Battement tendu is a movement opening the foot and leg, keeping the pointe of the toes on the floor.
Assuming that your posture is correct, "spine neutral", your turnout is from the hips, your neck and shoulders are relaxed, and your barre arm is resting lightly, not too much happens!
True, and not true.
If your are in fifth position, you begin shifting the weight to the standing leg and sliding the working heel forward, at the same time. You are pressing your heel forward, if you are going devant - to the front, or a la seconde, to the side. You can turn out your foot because you are taking the weight off that leg, so there is no strain on the knee joint.
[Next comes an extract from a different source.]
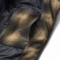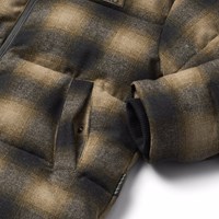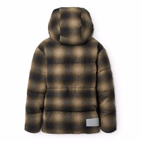 Varm och funktionell rutig brun jacka i återvunnen polyester och ull. Jackan har en praktisk dragkedja, hög krage och avtagbar huva. Designad med framfickor, en innerficka, ribbade ärmslut och justerbar resår i nederkant för vindskydd. Det finns en stor reflex på baksidan för ökad synlighet i trafiken. Jackan är fodrad med mjuk, återvunnen polyesterfyllning för jämn komfort och optimal värmeisolering.

Here's a tricky part - as you extend the leg, you keep pressing the foot into the floor. Not so as to strain the knee joint with having weight on the foot - no, but you are creating resistance. You press the foot into the floor to build strength in the foot muscles. You do not curl your toes to do this, think of the whole foot. But as you are extending the foot to the position, this happens quickly. After the metatarsal area has left the floor, be sure to stretch your toes out long, do not curl or bend them. The movement is over when the arch is fully stretched, and the toes simply come into line.
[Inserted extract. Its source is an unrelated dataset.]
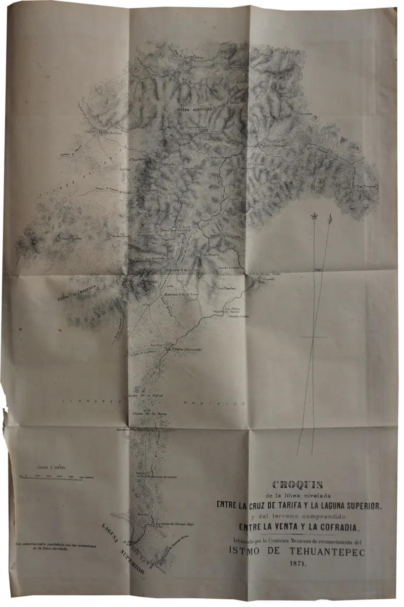 Este mapa es una representación detallada del relieve y las rutas del Istmo. muestra una de las primeras representaciones sistemáticas del Istmo de Tehuantepec con una cuadrícula georreferenciada, lo que sugiere que fue utilizado para cálculos de coordenadas y planificación de rutas.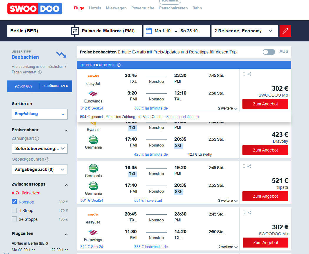 Mit Ryanair ist es zur Zeit durch Laudamotion billiger, aber den gab es bei unserer Buchung nicht und zur Zeit gibt es bei denen auch am 28. 10 noch keine Rückflüge. Könnte zwar mit Ryanair von Schönefeld fliegen, da sind wir dann aber auch bei fast 400 €.

***This is the same movement you will do in pointe shoes, keeping the toes long, not bent over.***
Some techniques teach that you extend the foot so that the toes end up opposite the standing heel, in a devant position. Others teach that you cross the foot over so that the toe ends up opposite the center of the standing foot, or in line with the center of the torso. You can lose turnout crossing over like this, or, keeping the turnout, you can end up losing the hip placement, turning the body slightly croise (toward the corner of the supporting side). In the early years of training I see no reason not to stay with the extended toes in line with the supporting heel.
If nothing else has happened in the body, you have done a correct tendu devant.
To close, you relax your toe joints, pressing the toes slightly into the floor as the leg draws in, the toes pull back, the heel lowers, until the sole of the foot is pressing on the floor. Here's the little tricky area again - you pull the leg in, but you must stop pulling the toes back as you get into fifth (or first) so as not be turning the foot out too much. You have to stand on the whole foot, turned out from the hip rotators. Ballet is not anatomically correct, but you must compromise without injuring your knees, rolling your ankles, and being off balance.
At the end of the movement, your weight must be evenly on two feet, hips square, spine still neutral, neck relaxed. With the thousands of tendus you do in ballet training, there is no way you will not get strong and build good dance technique.